Finished query: class_partitions (took 0.28s)
Starting query: property_partitions


## Step 4: Extract Schema

In [None]:
try:
    print("Extracting schema from VoID...")
    parser = VoidParser(void_graph)
    
    schema_df = parser.to_schema(filter_void_nodes=True)
    
    print("Schema extraction completed")
    print(f"Total schema triples: {len(schema_df)}")
    print(f"Unique classes: {schema_df['subject_class'].nunique()}")
    print(f"Unique properties: {schema_df['property'].nunique()}")
    
except Exception as e:
    print(f"Schema extraction failed: {e}")

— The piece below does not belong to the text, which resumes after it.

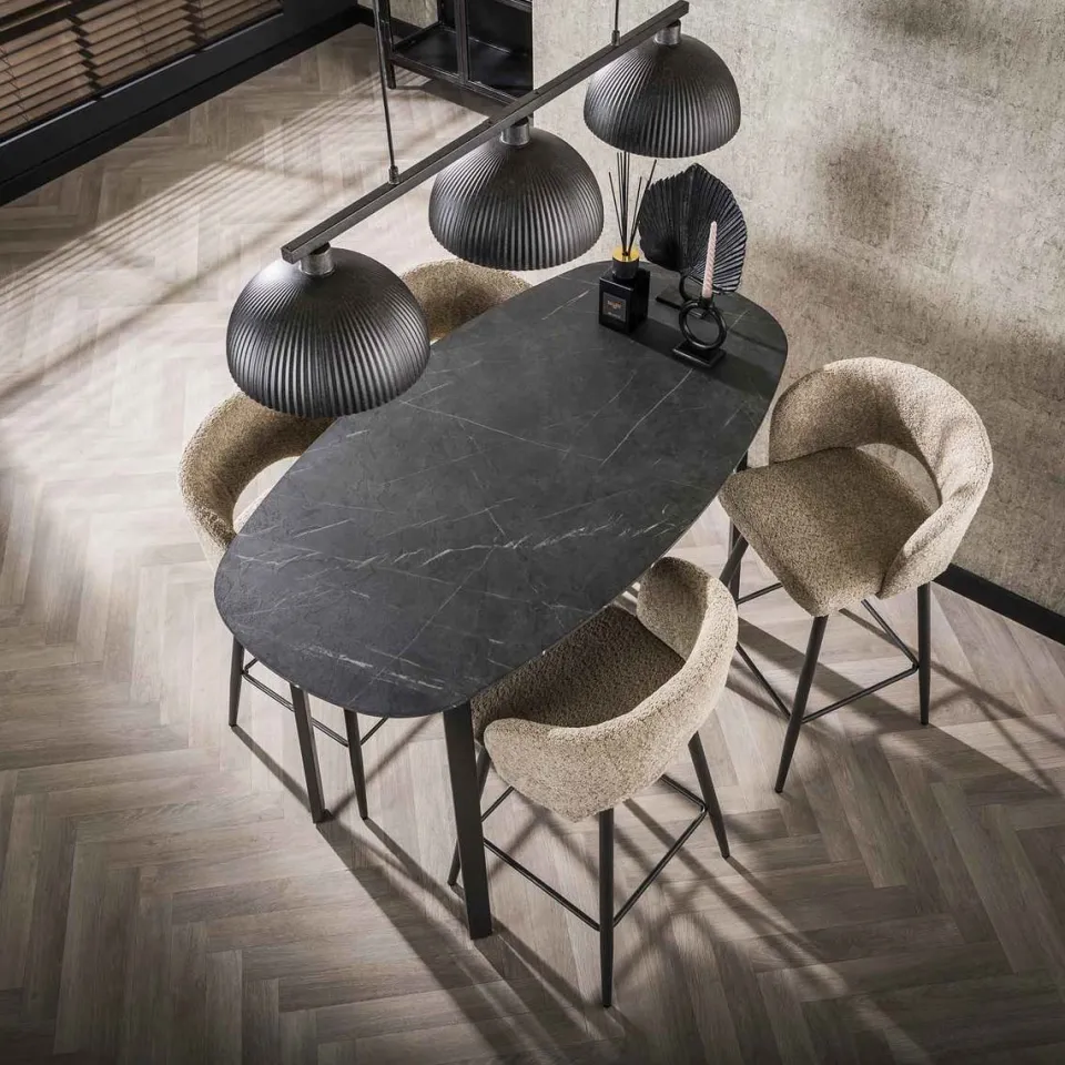 Deze bartafel Monet is uitgevoerd in melamine met een keramiek uitstraling en een rechthoekig frame in staal. De tafel is haast niet te onderscheiden van een keramiek tafel. Het handgemaakte tafelblad met een verjongde rand is voorzien van een laagje melaminehars dat is aangebracht op hout. Het materiaal wordt door hitte en druk aangebracht. Het prachtige materiaal in combinatie met de deens ovale vorm, geeft een trendy, maar tegelijk ook tijdloze tafel.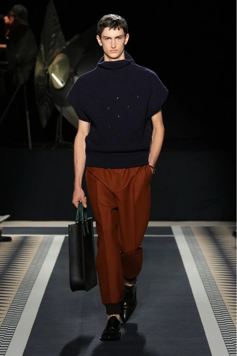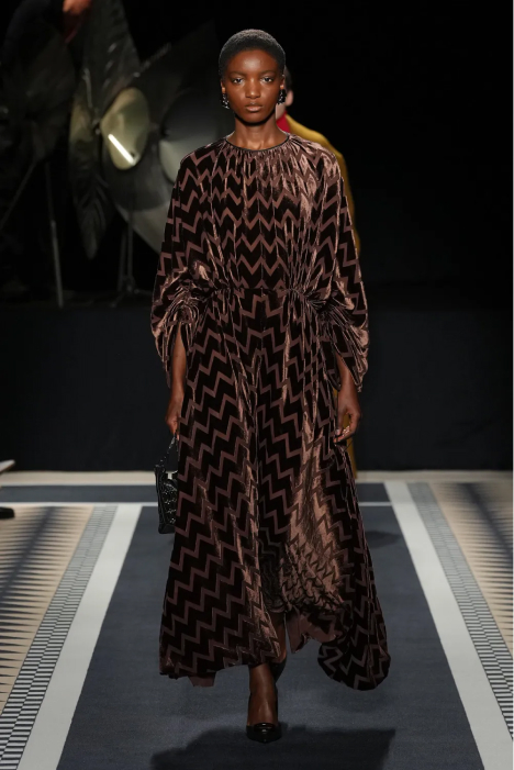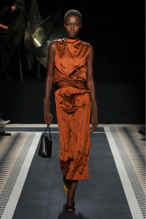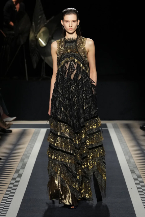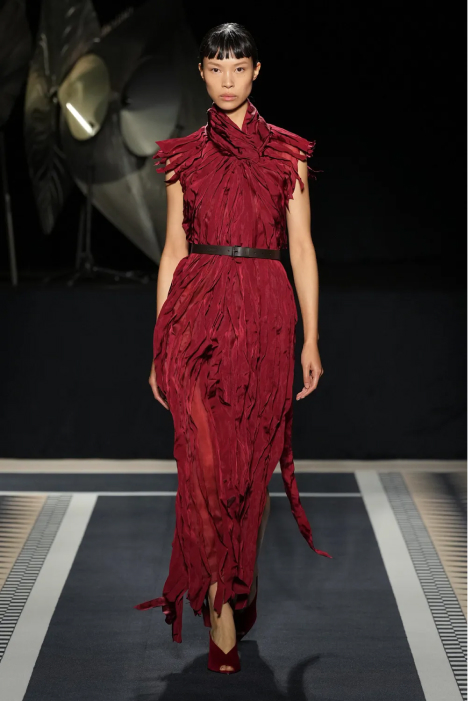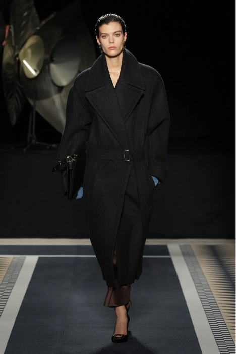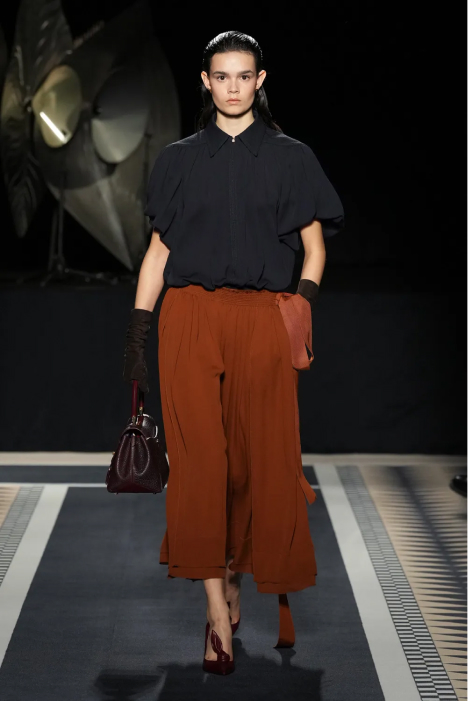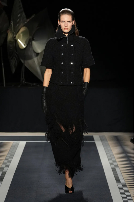 Здесь были пальто-бушлаты в паре с узкими юбками, и ассиметричные и драпированные платья (очень "по-ланвановски"), и изумительная игра с цветом (охровым, горчичным, темно-синем, серым, изумрудным). Фирменные для Lanvin накидки с декоративными заклепками, которые стали частью прозрачного блузона. Талию кожаных пальто Коппинг намерено опустил вниз, отдав дань уважения 20-м, а жакет из твида осовременил за счет высокого воротника, который проще представить на аутдор-свитерах. Прямое платье 1925 года дизайнер превратил в красивый мужской блузон, расшитый бисером и стеклярусом, а мерцающее в финале шоу, напоминающее слиток золота, юбка которого была будто собрана из лепестков, стало, своего рода, реинкарнацией силуэта robe de style Жанны Ланвен. Понравились пальто-кейпы с бахромой; юбка, деликатно скрепленная со свитером массивной булавкой; баклажанный тренд с массивными перчатками; кожаный топ и изящные туфли с пикантным мыском и узелком на нем.

Extracting schema from VoID...
Schema extraction completed
Total schema triples: 40
Unique classes: 4
Unique properties: 33


## Step 5: Schema Visualization

In [None]:
# Display schema sample
if 'schema_df' in locals():
    print("Schema Sample (first 10 rows):")
    display(schema_df.head(10))
    
    print("\nTop 10 Classes by Property Count:")
    class_counts = schema_df['subject_class'].value_counts().head(10)
    for cls, count in class_counts.items():
        print(f"  {cls}: {count} properties")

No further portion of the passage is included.